LES MEMBRES DU CONSEIL DE SÉCURITÉ DE L’ONU DONNENT LE FEU VERT POUR TRADUIRE PAUL BIYA DEVANT LA CPI
Dans la nuit du 24 mai 2018, les images du carnage orchestré par l’armée camerounaise à Menka, village de la localité de Santa, avaient fait le tour du monde. Des femmes, enfants sommairement exécutés ou pendus, des corps traînant par terre dans des mares de sang. Le porte-parole de l’armée camerounaise avait justifié ces massacres en affirmant qu’ils sont survenus après un assaut de l’armée dans un hôtel où étaient logés des terroristes. Les États-Unis avaient accusé l’armée camerounaise de perpétrer des » assassinats ciblés « . Des personnes du troisième âge brûlées, des villages entiers incendiés, constituent une violation de la Convention de Genève sur le traitement des prisonniers de guerre. Les images de la guerre dans les deux régions anglophones, parfois partagées dans les réseaux sociaux par des soldats camerounais eux-mêmes, sont collectées et archivées.
Fuh Elisabeth Atanba, une avocate anglophone réfugiée aux États-Unis , a déjà réussi à convaincre 10 des 15 membres Conseil de sécurité des Nations Unies qu’un mandat d’arrêt international soit lancé par la Cour pénale internationale (CPI) contre le chef d’État et chef des Armées Paul Biya.
Les avocats du régime Biya soutiennent qu’il est immunisé contre les griffes de la CPI parce que le Cameroun, bien qu’ayant signé le statut de Rome, ne l’a jamais ratifié. Ce qui n’est que partiellement vrai. Effectivement, le Cameroun, après avoir signé, n’a pas ratifié le Statut de Rome du 17 juillet 1998 qui est entré en vigueur depuis le 17 juillet 2002, et qui crée la Cour Pénale Internationale . Le Cameroun n’a donc pas accepté sa compétence comme le dispose l’article 12-3 ne peut donc se permettre de saisir la CPI sur des cas de crimes relevant de sa compétence. Ce qui veut dire que le Procureur de la CPI ne peut, de sa propre initiative ouvrir une enquête sur les crimes de guerre commis sur le territoire camerounais, tel que le stipule l’article 12-2.
Toutefois , le Cameroun étant membre des Nations Unies depuis le 20 septembre 1960, la CPI a le droit d’exercer sa compétence sur le territoire camerounais en vertu de l’article 13 paragraphe b qui dispose que la CPI exerce sa compétence » si une situation dans laquelle un ou plusieurs de ces crimes paraissent avoir été commis est déférée au Procureur par le Conseil de sécurité agissant en vertu du chapitre VII de la Charte des Nations Unies « . C’est donc dans cette brèche que s’engouffre l’avocate anglophone pour déclencher l’action du Conseil de sécurité de l’ONU.

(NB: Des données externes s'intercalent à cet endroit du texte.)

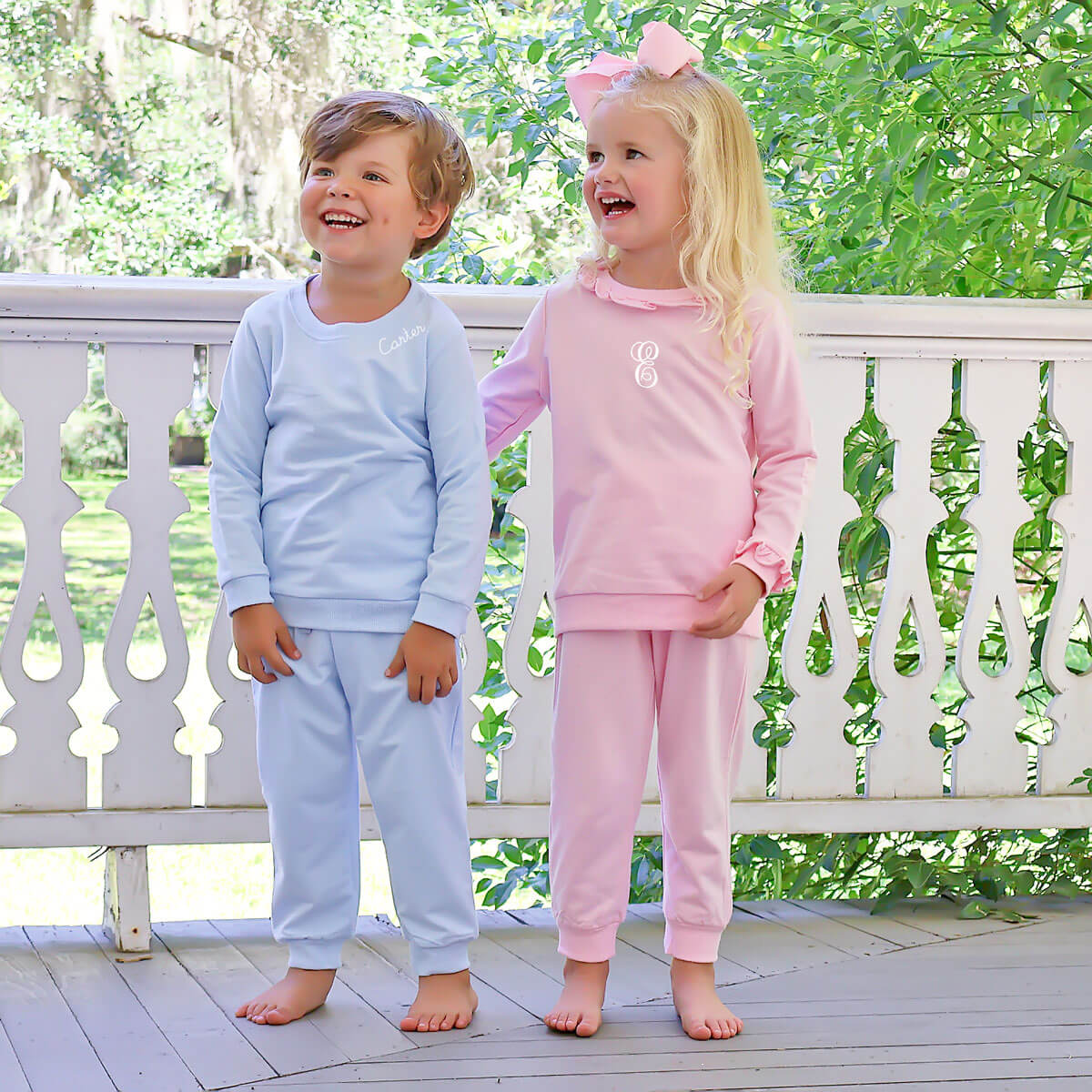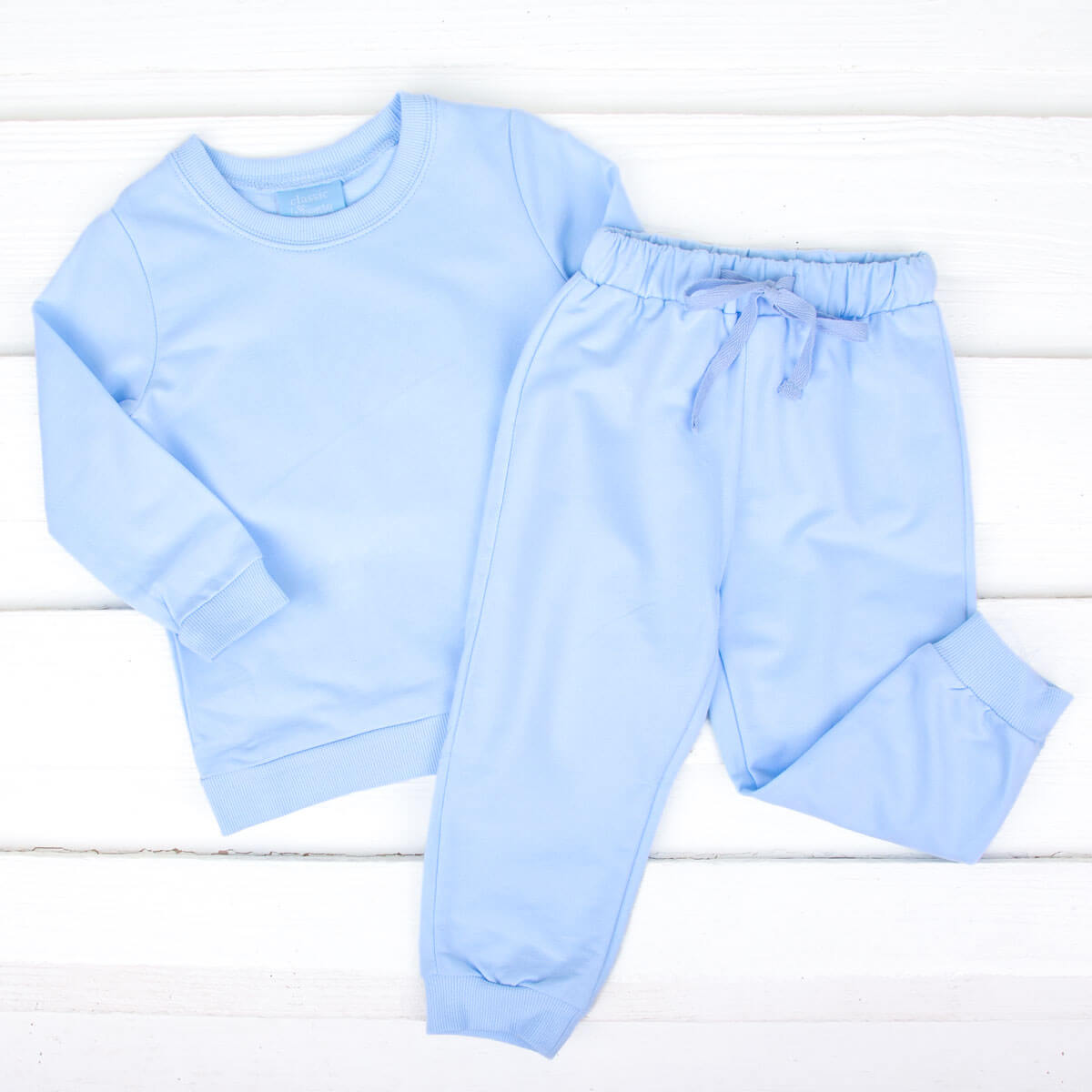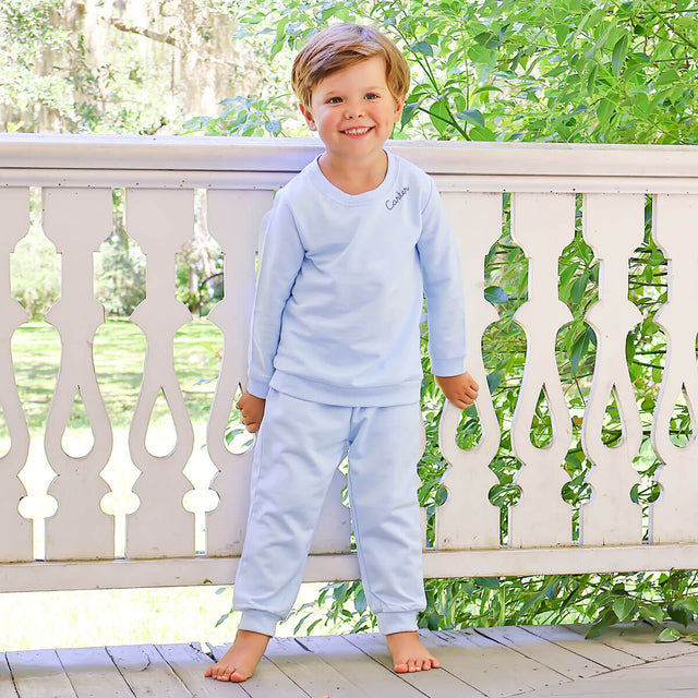 Let your little one enjoy fall and winter weather in our adorable Light Blue Jogger Set! Perfect for cooler days, this set features a light blue French terry sweatshirt and matching joggers with an easy pull-on string waistband. Add a monogram for a special touch and make it uniquely theirs!

Le chapitre VII de la Charte des Nations Unies porte sur l’action en cas de menace de la paix ou de rupture de la paix. Et justement les chiffres de l’ONU indiquent que 160 000 anglophones ont déjà fui leurs villes et villages, et 21 000 se sont réfugiés dans les pays voisins, et particulièrement au Nigéria. Le Haut commissaire aux droits de l’Homme des Nations Unies vient de faire une sortie pour fustiger le gouvernement camerounais sur les atteintes graves aux droits de l’Homme dans les régions anglophones et l’exécution sommaire de deux femmes dont l’une avec un bébé sur le dos et l’autre tenant son enfant, dans la région de l’extrême nord.
En prenant en compte tous ces éléments, l’article 13 alinea b du Statut de Rome permet au Conseil de sécurité de l’ONU de saisir la CPI par résolution. Et de ce fait, conformément à l’article 16, la Cour pourrait déclencher l’action publique 12 mois après la saisine.
On se rappelle que le Soudan n’avait même jamais signé le Statut de Rome, donc ne faisait pas partie de la CPI. Mais les États-Unis avaient demandé au Conseil de sécurité de l’ONU de saisir le Procureur de la CPI. Et c’est ainsi que fut adoptée la résolution n°1593 du 31 mars 2005 que le Conseil de sécurité des Nations Unies a saisi la CPI pour des poursuites judiciaires contre Omar El Bechir, lequel fut placé sous mandat d’arrêt international, bien qu’occupant les fonctions de chef d’État.
En refusant de ratifier le Statut de Rome, les conseillers de Paul Biya lui ont fait croire qu’il était à l’abri des poursuites devant la CPI. Mais ce conflit armé et filmé, risque d’entraîner bon nombre de dignitaires du régime et les commandants des opérations dans les cellules de la Haye.